■ Instructions to follow ■
Please go line by line and repeat the data below exactly, with no images.

■ Material provided ■
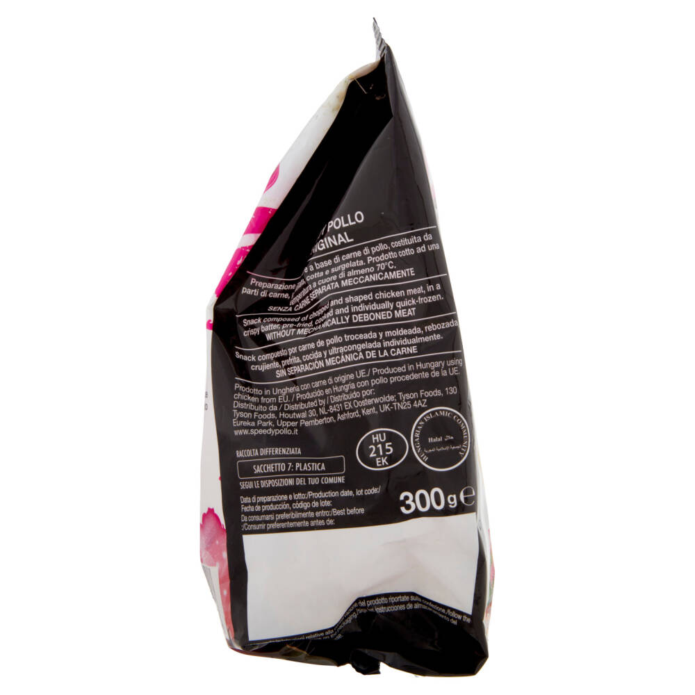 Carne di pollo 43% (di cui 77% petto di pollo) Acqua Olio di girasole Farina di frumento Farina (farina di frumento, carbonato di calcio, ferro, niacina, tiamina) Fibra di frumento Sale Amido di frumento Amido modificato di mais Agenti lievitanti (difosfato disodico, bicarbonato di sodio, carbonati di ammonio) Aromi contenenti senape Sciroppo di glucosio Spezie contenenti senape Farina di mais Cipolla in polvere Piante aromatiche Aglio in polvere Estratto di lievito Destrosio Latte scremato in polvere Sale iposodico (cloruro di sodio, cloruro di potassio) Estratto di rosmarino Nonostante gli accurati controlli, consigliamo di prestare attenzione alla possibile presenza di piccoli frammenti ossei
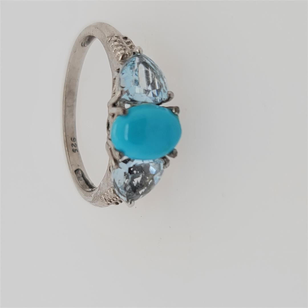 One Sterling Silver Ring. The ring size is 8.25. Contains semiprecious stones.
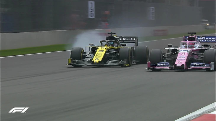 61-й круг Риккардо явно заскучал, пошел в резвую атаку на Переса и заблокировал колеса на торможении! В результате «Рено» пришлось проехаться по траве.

■ Written response ■
 Carne di pollo 43% (di cui 77% petto di pollo) Acqua Olio di girasole Farina di frumento Farina (farina di frumento, carbonato di calcio, ferro, niacina, tiamina) Fibra di frumento Sale Amido di frumento Amido modificato di mais Agenti lievitanti (difosfato disodico, bicarbonato di sodio, carbonati di ammonio) Aromi contenenti senape Sciroppo di glucosio Spezie contenenti senape Farina di mais Cipolla in polvere Piante aromatiche Aglio in polvere Estratto di lievito Destrosio Latte scremato in polvere Sale iposodico (cloruro di sodio, cloruro di potassio) Estratto di rosmarino Nonostante gli accurati controlli, consigliamo di prestare attenzione alla possibile presenza di piccoli frammenti ossei
 One Sterling Silver Ring. The ring size is 8.25. Contains semiprecious stones.
 61-й круг Риккардо явно заскучал, пошел в резвую атаку на Переса и заблокировал колеса на торможении! В результате «Рено» пришлось проехаться по траве.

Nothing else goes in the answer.